Return prev, which now points to node 3, the new head.

start:    None    1 -> 2 -> 3 -> None
        prev   curr

iter 1:   None <- 1    2 -> 3 -> None
               prev  curr

iter 2:   None <- 1 <- 2    3 -> None
                    prev  curr

iter 3:   None <- 1 <- 2 <- 3    None
                          prev curr

return prev -> 3 -> 2 -> 1 -> None
Three-pointer flip across each iteration

Code

class ListNode:
    def __init__(self, val=0, next=None):
        self.val = val
        self.next = next

def reverse_list(head):
    prev = None
    curr = head
    while curr:
        next_node = curr.next
        curr.next = prev
        prev = curr
        curr = next_node
    return prev

def reverse_list_recursive(head):
    if not head or not head.next:
        return head
    new_head = reverse_list_recursive(head.next)
    head.next.next = head
    head.next = None
    return new_head
class ListNode {
    int val; ListNode next;
    ListNode(int val) { this.val = val; }
}

class Solution {
    public ListNode reverseList(ListNode head) {
        ListNode prev = null, curr = head;
        while (curr != null) {
            ListNode next = curr.next;
            curr.next = prev;
            prev = curr;
            curr = next;
        }
        return prev;
    }

    public ListNode reverseListRecursive(ListNode head) {
        if (head == null || head.next == null) return head;
        ListNode newHead = reverseListRecursive(head.next);
        head.next.next = head;
        head.next = null;
        return newHead;
    }
}
struct ListNode {
    int val; ListNode* next;
    ListNode(int v) : val(v), next(nullptr) {}
};

class Solution {
public:
    ListNode* reverseList(ListNode* head) {
        ListNode* prev = nullptr;
        ListNode* curr = head;
        while (curr) {
            ListNode* next = curr->next;
            curr->next = prev;
            prev = curr;
            curr = next;
        }
        return prev;
    }

    ListNode* reverseListRecursive(ListNode* head) {
        if (!head || !head->next) return head;
        ListNode* newHead = reverseListRecursive(head->next);
        head->next->next = head;
        head->next = nullptr;
        return newHead;
    }
};

Edge Cases

  • Empty list: head is None. The loop never executes and we return None.
  • Single node: head.next is already None. Loop runs once, no-op flip, returns the same node.
  • Two-node list: smallest non-trivial swap, catches off-by-one mistakes.
  • Cycles: the problem assumes none. If one existed, iteration would never terminate.

Complexity Analysis

Iterative:

  • Time: O(n).
  • Space: O(1) auxiliary.

Recursive:

  • Time: O(n).
  • Space: O(n) for the recursion stack. Hits Python recursion limits on long lists.

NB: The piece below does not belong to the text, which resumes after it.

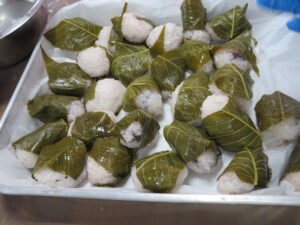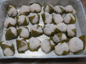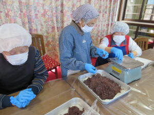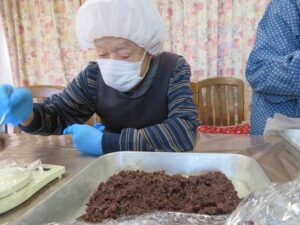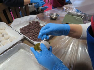 もち米と、道明寺粉を混ぜた生地に包み込んでいきます。

How to Explain It in an Interview

Lead with the invariant: prev points to the reversed prefix, curr to the next to process. The three lines save, flip, and advance. For the recursive version, explain that you recurse to the tail first, then flip pointers on the way back. Setting head.next = None is essential — otherwise you create a cycle. Prefer the iterative version in production to avoid stack-overflow risk.

  • Reverse Linked List II, which reverses only a sublist.
  • Reverse Nodes in k-Group, which reverses chunks of size k.
  • Palindrome Linked List, which uses reversal on the second half.
  • Merge Two Sorted Lists for more dummy-head pointer practice.

Wrap up

Practice both versions until you can write either from memory in under two minutes. Then revisit Linked Lists Common Operations and try Reverse Linked List II to extend the pattern.